_INFORMATION SUPPLIED_
•••
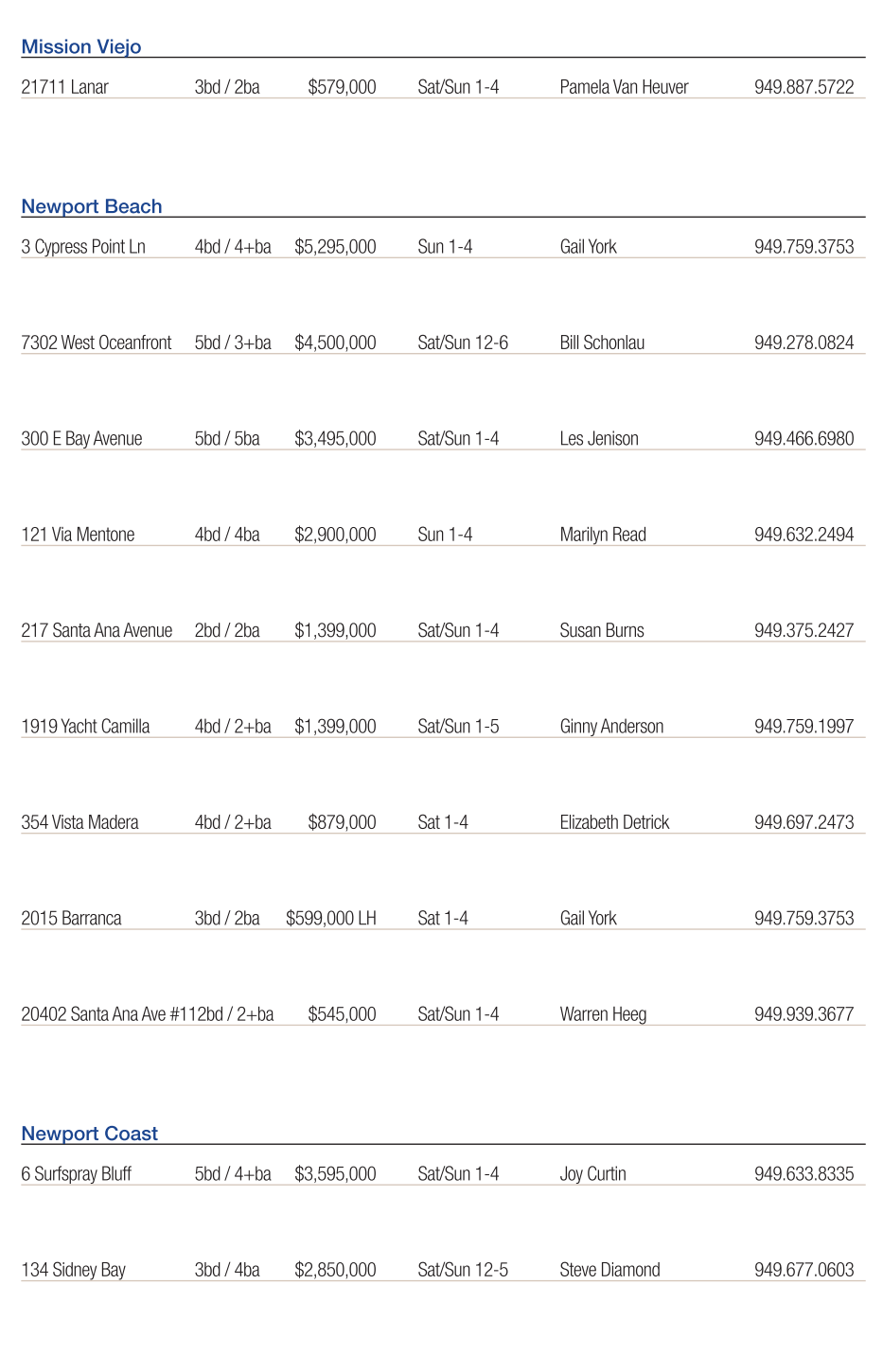354 Vista Madera 4bd /2+ba $879,000 Sat 1-4 Elizabeth Detrick 949.697.2473
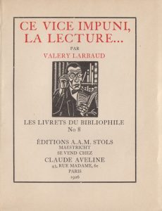 LARBAUD (Valery). Ce Vice impuni, la lecture... Maastricht, A.A.M. Stols, 1926. In-16, broché.
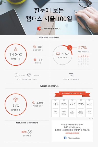 캠퍼스 서울의 100일을 인포그래픽으로 살펴보면 아래와 같다.
•••
_EXERCISE DIRECTIONS_
Repeat the material exactly and drop each image.

_REPLY_
354 Vista Madera 4bd /2+ba $879,000 Sat 1-4 Elizabeth Detrick 949.697.2473
 LARBAUD (Valery). Ce Vice impuni, la lecture... Maastricht, A.A.M. Stols, 1926. In-16, broché.
 캠퍼스 서울의 100일을 인포그래픽으로 살펴보면 아래와 같다.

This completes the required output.